Catholic Bloggers Christmas Wish List

I was talking with my good pal SC this evening – he lives up at the North Pole – and he disclosed to me some of the more unusual items a few Catholic bloggers have put on their Christmas wish lists.  I thought there was some big rule prohibiting him from telling me these things, but no, he said I was thinking of the seal of the confessional, and this was nothing like that, because there’s no guarantee he’d be delivering these gifts (it’s all about the naughty and nice lists, you know).  So if SC can divulge this stuff, then I guess it’s okay for me to post them.

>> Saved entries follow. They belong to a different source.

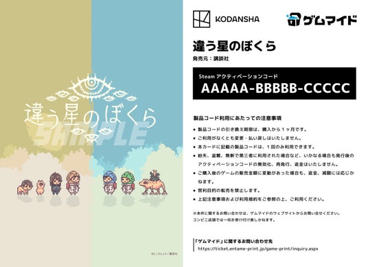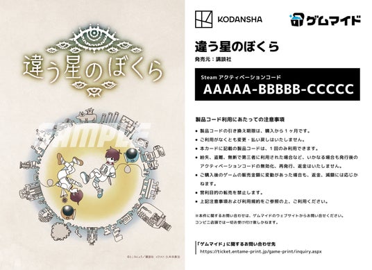 イード株式会社は、Steamキーコード販売サービス「ゲムマイド」にて、株式会社講談社のPCゲーム『違う冬のぼくら』と『違う星のぼくら』の販売を4月25日から開始した。各作品はブロマイド付きで、それぞれ2種類の絵柄が用意され、価格は710円(税込)。
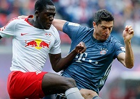 Баварцы явно были настроены решительнее соперника. Гости уже на первых минутах обозначили свои претензии на атакующую игру и дали «быкам» понять, что большую часть времени придётся проводить в обороне. Но неразрешимых задач перед соперником мюнхенцы не ставили. «Лейпциг» защищался без сумбура, легко пресекая все попытки баварцев довести мяч до Левандовского. В итоге первые четверть часа прошли без опасных моментов, что для встреч этих коллективов большая редкость. «Быки» и «красные» страсть как любят быстрые голы. Но этот матч был особенный. Здесь слишком много стояло на кону, и никто не рисковал открывать забрало и нестись вперёд без оглядки на свои ворота. И первый голевой момент зрители увидели аж на 29-й минуте. К этому времени «Лейпциг» успел перехватить инициативу, провести несколько перспективных, но ничем не завершившихся атак, и вновь уйти в оборону. Там его едва и не застал Левандовски. Лучший бомбардир Бундеслиги решил проявить себя в роли ассистента и прострелил с правого угла вратарской на Гнабри. Но Серж находился слишком близко к Гулачи, чтобы направить мяч мимо голкипера. Снаряд отскочил от вратаря на угловой, из которого гости ничего не выжали. Следовало мюнхенцам всё-таки взвинчивать темп и бросаться в атаку большими силами. Иначе их попытки наступать выглядели бесперспективными. Как уж малым числом вскрыть оборону «Лейпцига», если на помощь защитникам всегда прибегают нападающие? Таково требование Ральфа Рангника: форвард обязательно прибегает к своей штрафной на помощь товарищам. Это делали и Поульсен, и Вернер. Да и страшно сказать, «Баварии» явно не хватало изобретательности при организации атак. Вечные попытки продраться через правый фланг легко читались «быками», и Гнабри с Левандовски большую часть времени пребывали на голодном пайке. Шанс переломить этот вялый ход встречи у гостей был на 39-й минуте, когда польскому форварду всё-таки удалось выиграть верховую борьбу после подачи корнера и скинуть мяч на немецкого. Серж пробивал слёту в ближний угол, но Гулачи был настороже. Такими Петера не озадачишь, нужно что-нибудь похитрее. И в концовке тайма баварцы попытались сделать ставку на скорость. Под занавес отрезка у них вырисовывалась очень симпатичная быстрая атака, но Коман с Левандовски умудрились вступить в борьбу за мяч друг с другом. Снаряд был потерян прямо у чужой штрафной. «Бавария» не походила на себя настоящую. Но если уж критиковать, то обоих соперников. «Лейпциг» ведь впереди тоже ничего не показал. Только оборонительные действия хозяев заслуживали похвалы. Особенно это касается Конате. Ибраима снимал весь воздух и перехватывал весь низ.
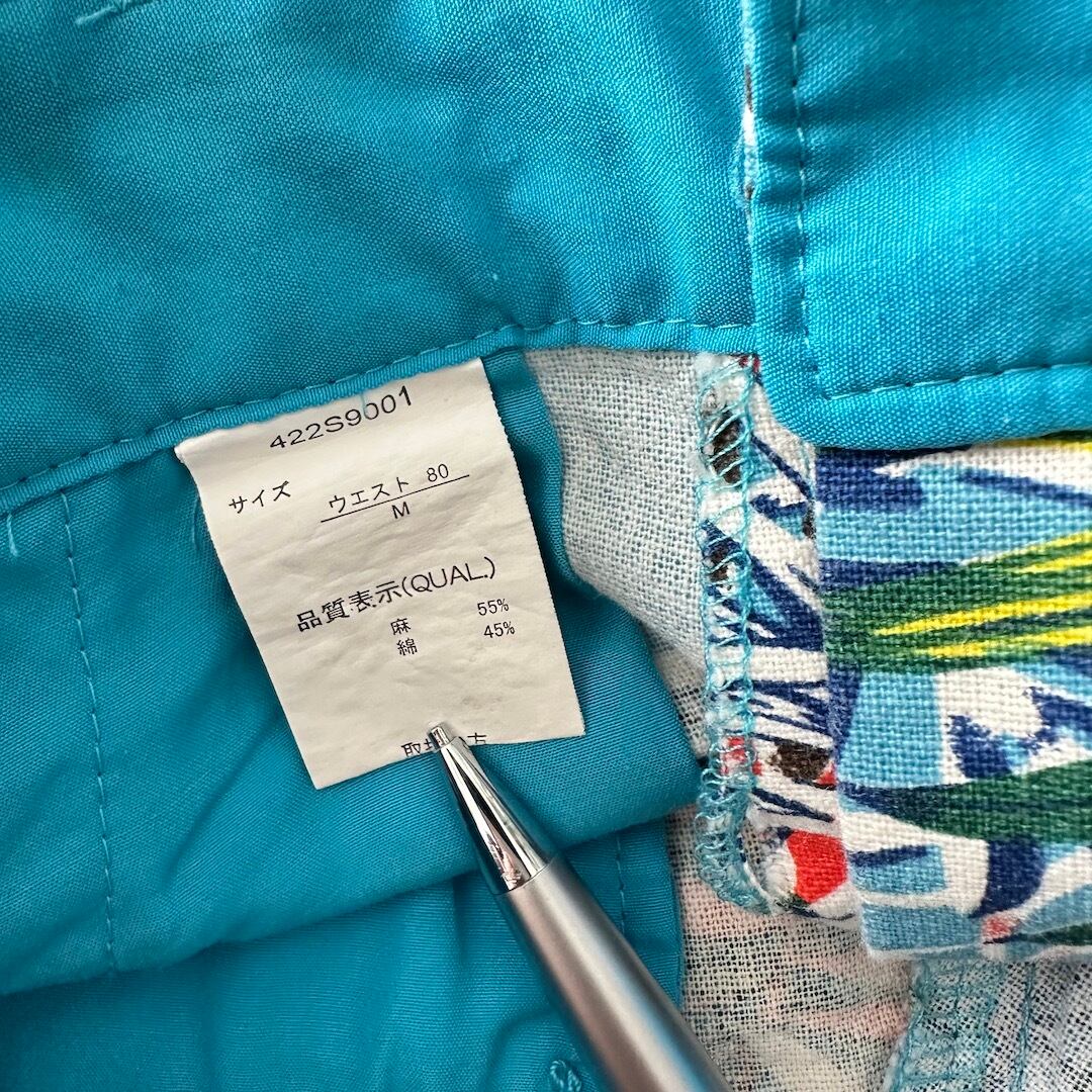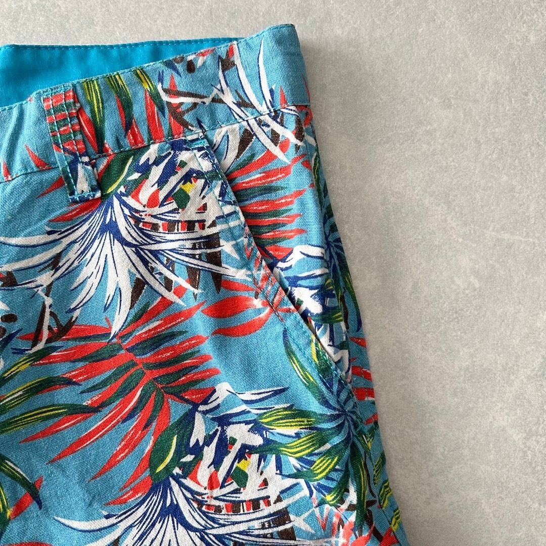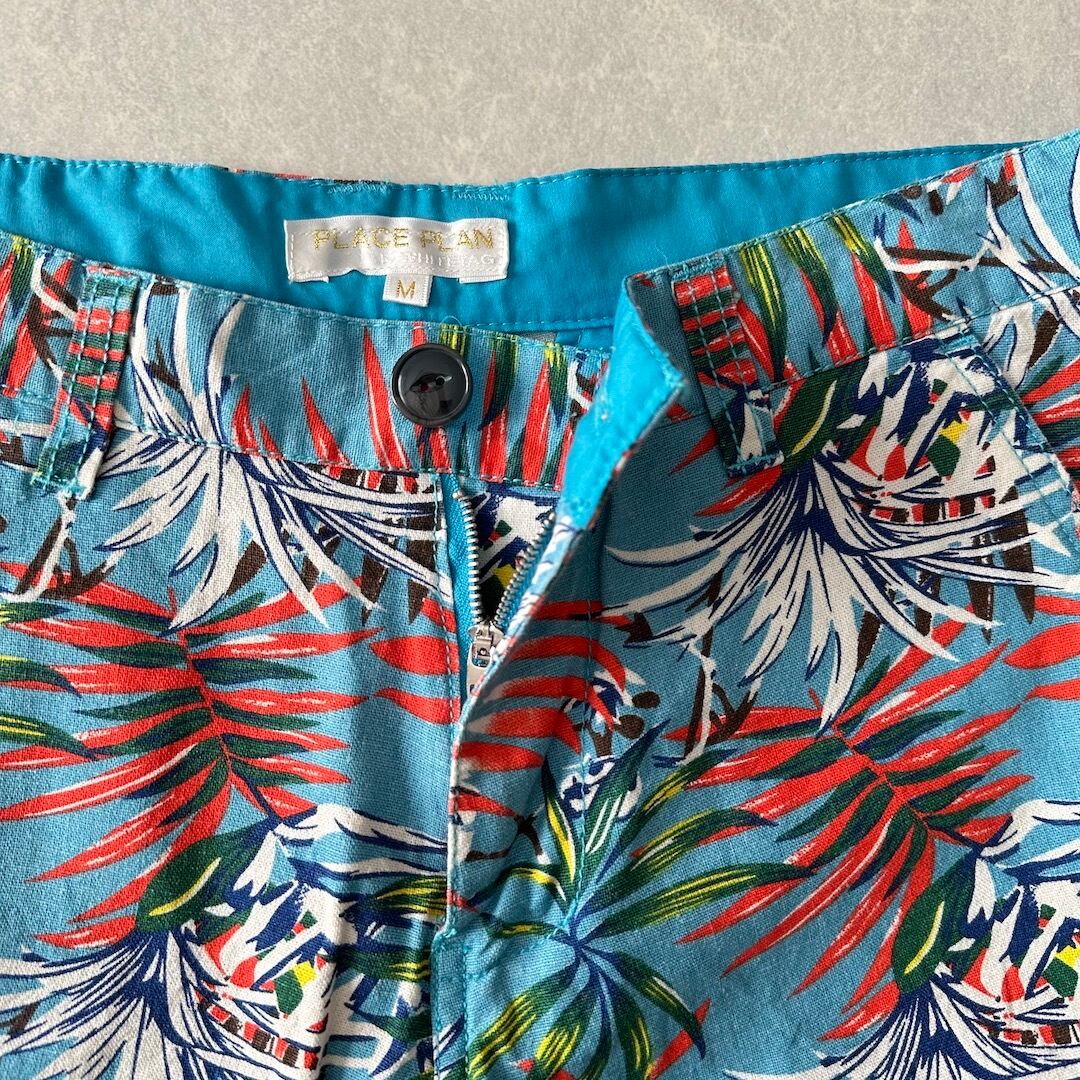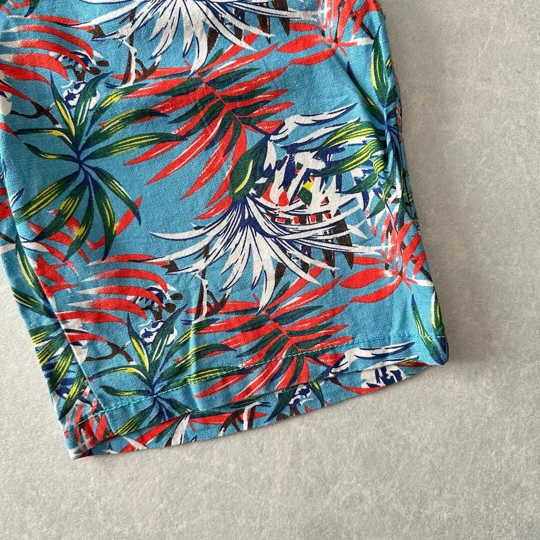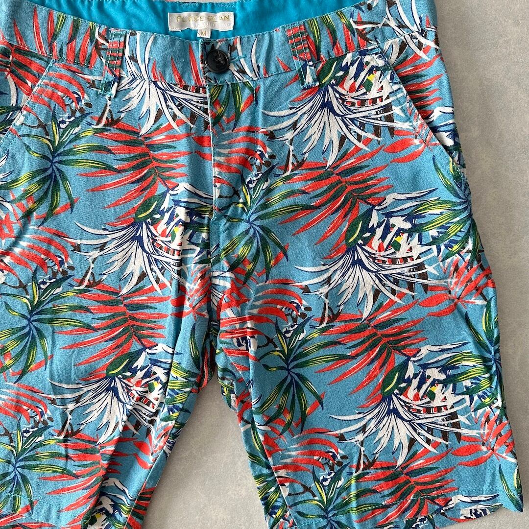 綿麻 リーフ柄 トロピカル ショートパンツ 総柄 M 古着 メンズ 古着男子 サーフ古着 サーフパンツ 海パンツ ビーチ コットン リネン 水色 オレンジ 南国

Joe at Defend Us In Battle asked for this:

The Daddle!  (it also rhymes with “battle”, so there you go) He’s got a couple young ‘uns, and it comes with kneepads to protect his patellas.  I don’t know if the hat is included, but he better hope spurs aren’t included.

the Mom at Shoved To Them has requested:

The Peekaru!!  She has a new baby, so this makes sense.  And when the baby outgrows it, she can put a big bag of Doritos in there, and have a convenient way of carrying around her snacks!

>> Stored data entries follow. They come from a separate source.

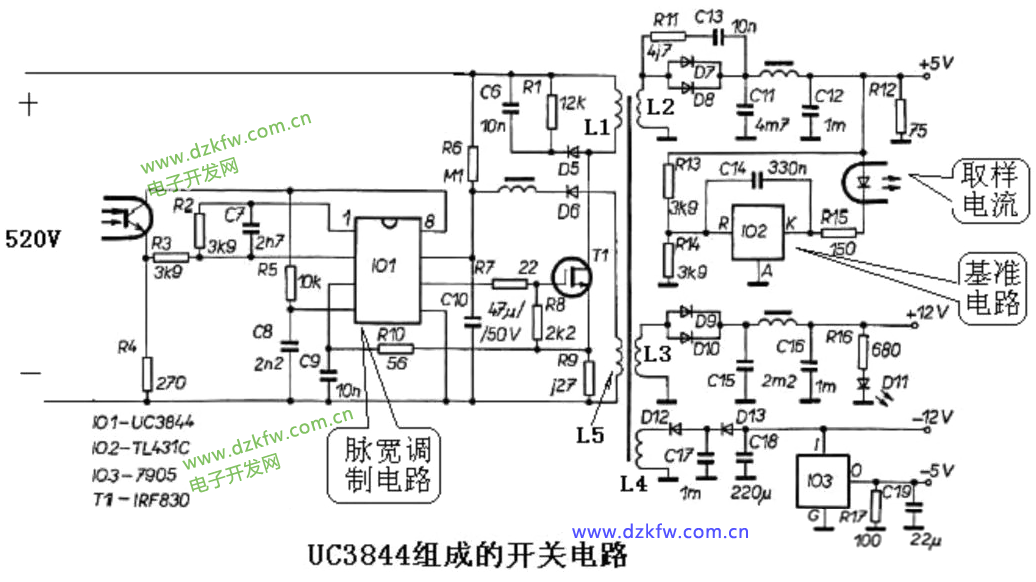 图中L1为一次电路,L2、L3、L4、L5为二次电路,工作时一次电路导通,二次电路截止,一次电路截止时,二次电路导通。二次电路的输出电压由开关管的脉冲宽度调节。
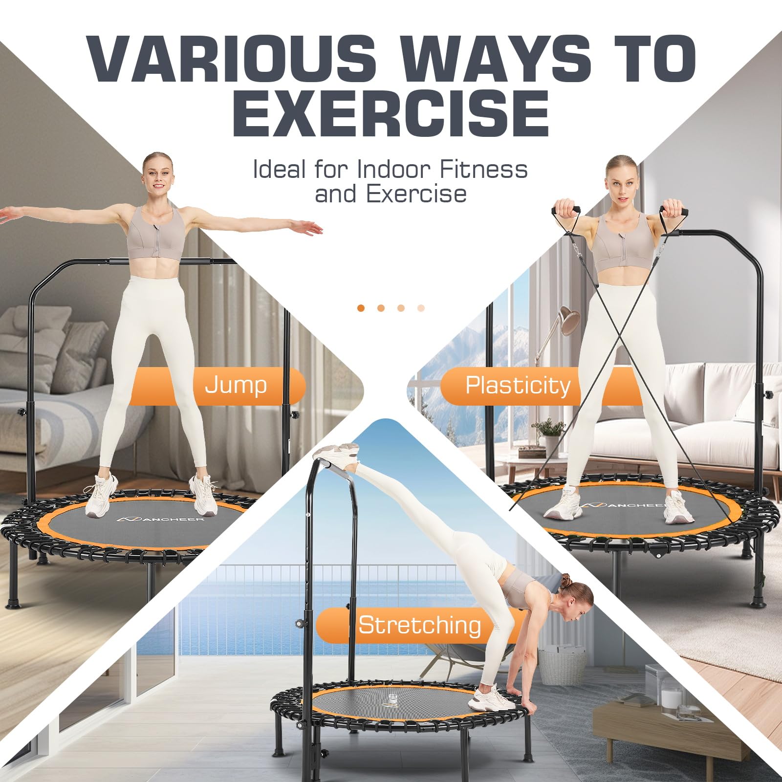 - ANCHEER 40' Foldable Mini Trampoline - Max Load 350lbs - 450lbs Indoor Trampoline - with 4 Level Adjustable Foam Handle and Resistance Bands - Adult exercise trampoline for Home,Gym and Garden(Orange)
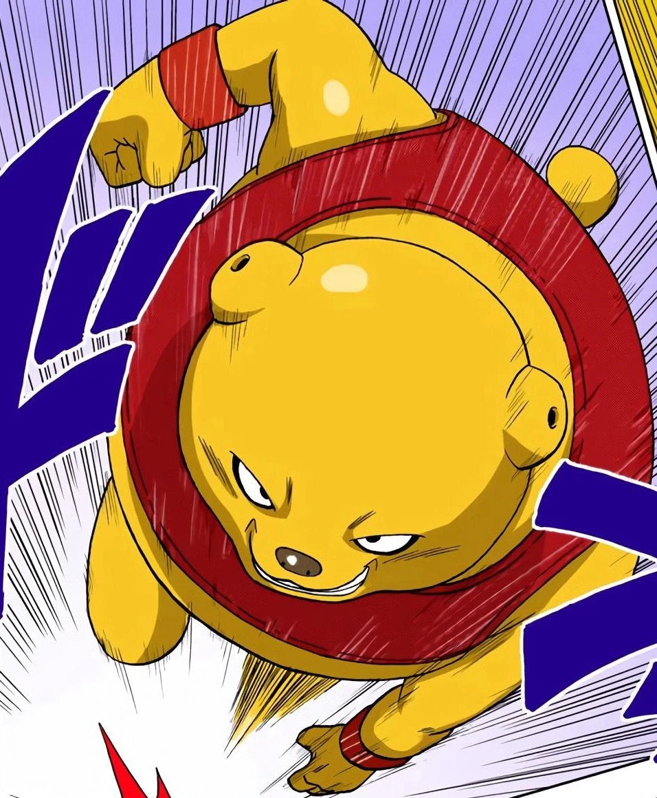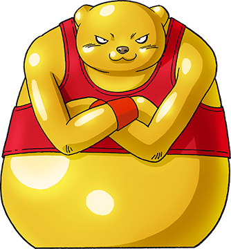 Botamo is a tall seemingly hairless humanoid ursine with a large build with his skin being fairly yellow and glossy. Despite being fat he is very fast and agile. He has a brown nose and a small yellow tail on the back. He wears a red tank top that covers his whole upper body, orange-red wristbands, and a pair of red boots. He has a rubber-like body composition and does not seem to have any bones at all, as Vegeta was literally able to tie his arms into a knot.
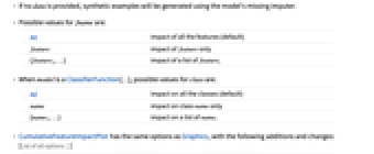 All impact on all the classes (default) name impact on class name only {name1,…} impact on a list of namei - CumulativeFeatureImpactPlot has the same options as Graphics, with the following additions and changes: [List of all options]
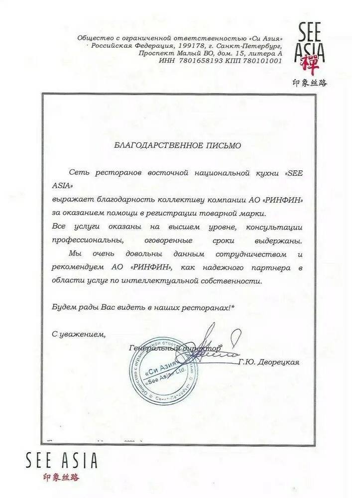 Сеть ресторанов восточной национальной кухни «See Asia» выражает благодарность коллективу компании АО «РИНФИН» за оказанием помощи в регистрации товарной марки.
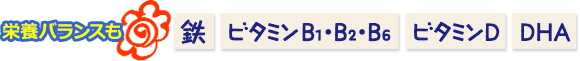 【栄養成分表示(20gあたり)】熱量80.6kcal、たんぱく質0.7g、脂質1.0g、炭水化物17.2g、食塩相当量0.02g、ナイアシン8.6mg、パントテン酸2.8mg、ビタミンB1 0.7mg、ビタミンB2 0.5mg、ビタミンB6 0.7mg、ビタミンD 3.2μg(58)、カルシウム280mg(41)、鉄6.6mg(97)、CBP(濃縮乳清活性たんぱく)12mg、DHA 40mg

Fr. Erik at Orthometer is asking for a piece of art to spruce up the rectory:

Sure, it’s a replica of a Jewish temple and all, but it’s made out of guns…and ammo!!  This has Fr. Erik written all over it!

Cathy at Recovering Dissident Catholic asked for:

A pack of bacon products.  What else, right?

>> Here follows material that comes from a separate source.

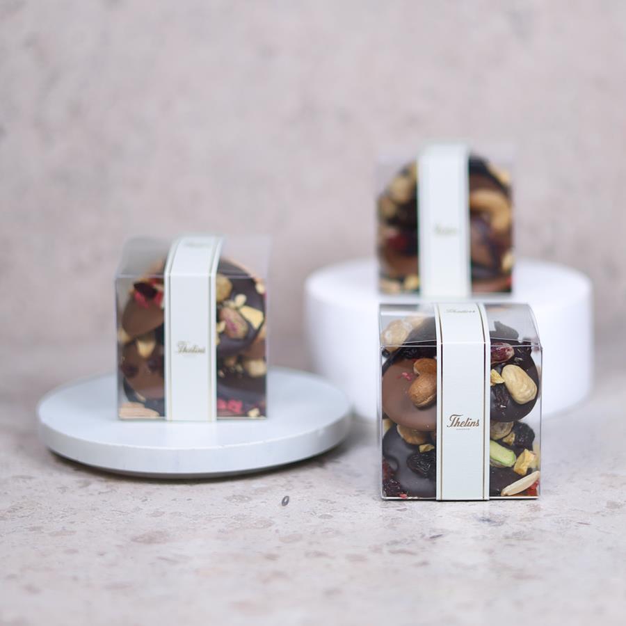 Ljuvliga chokladmynt gjorda på mörk 70% och ljus 36,5% choklad från Chocovic. Toppade med nötter och torkad frukt
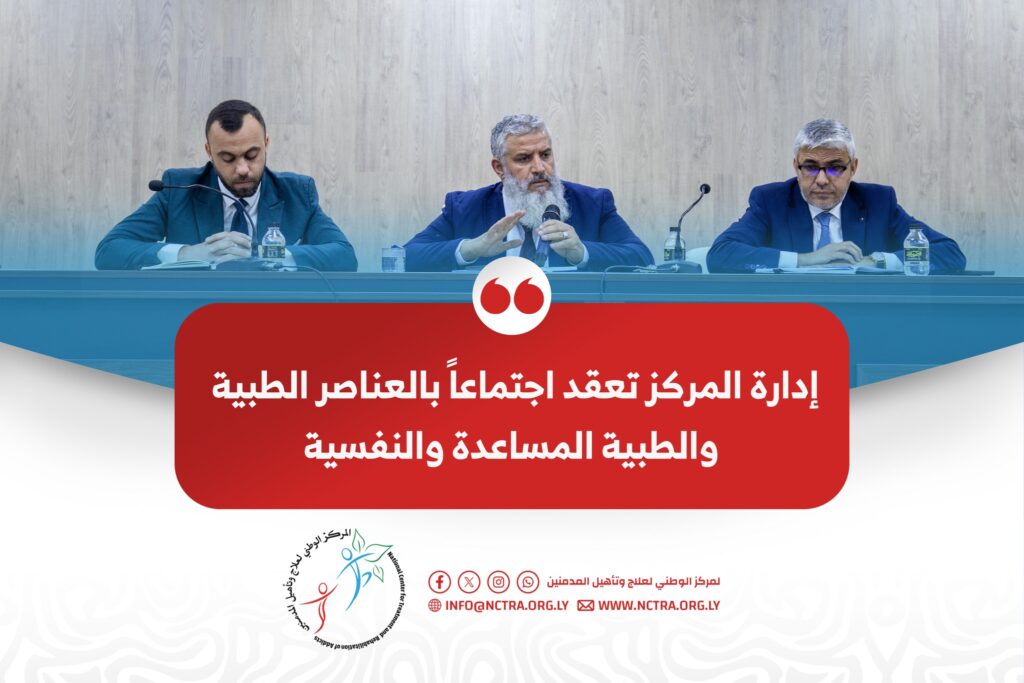 إدارة المركز تعقد اجتماعاً بالعناصر الطبية والطبية المساعدة والنفسية Previous Next 13 أبريل 2025م – ترأس مساعد مدير عام المركز الوطني لعلاج وتأهيل المدمنين صباح اليوم الأحد اجتماعاً بالعناصر الطبية والطبية المساعدة والنفسية بالمركز، بحضور مديري إداراتي الشؤون الطبية وعلاج الإدمان، والإدارية والمالية. وأشاد في مستهل كلمته بما يبذل من جهود من قبل كافة العناصر الطبية […]

Nod at Wynken, Blynken & Nod, and Matt at The Badger Catholic both asked for the same item:

Yeah, it’s a beer painting, painted with…beer!  SC told me it’s really easy to pack in his sack because it’s less filling.

Terry at Abbey Roads requested a set of these:


They’re Beardheads.  Apparently Terry wants to remain totally anonymous when he ventures out in public.

As our conversation wound down, SC remarked that he hadn’t seen a letter from me.  I told him that I needed nothing for Christmas, that I have everything I could possibly want or need.  After hanging up, I suddenly realized that the snarky old elf might take me seriously, and leave this in my stocking:

Guess I’ll find out Christmas morning…

About these ads

18 responses

    • Hahahahahahahaha Kim! Your comment cracked me up! That’s the perfect word, ‘HORRIFYING’!!!!!!!!!!!!!!!

      It IS exactly like that awful Alien movie where the guy’s eating dinner and a creature pops out of his stomach. EEUUYYYYEEEEWWWWW!!!!!!!!!!!!!!!!!!!!!!!!


  1. Har! Har! Those are raucous Christmas presents indeed.

    Joe and I are gonna don a Beardhead, reload the Temple, and contemplate the Biers de la Meuse. Looks like the Beardheads can double as a suds napkin…

    Meanwhile, you could could ask for more Snark in your stocking …


  2. This post is hilarious… and frighteningly true… in some weird ways.
    I wont mention which ones.

    The peekaru is actually… well, that just looks weird, but it would be great if it were designed a bit differently. But then again, I am probably the only dad that takes this less than 2yr old daughter, hunting, trapping, quading, and well… other Alaskan stuff while she is attached to me.


  3. Pingback: SATURDAY EDITION |

    • Thanks, Cath. Now I gotta go poke out my mind’s eye. After, of course, I’m done heaving.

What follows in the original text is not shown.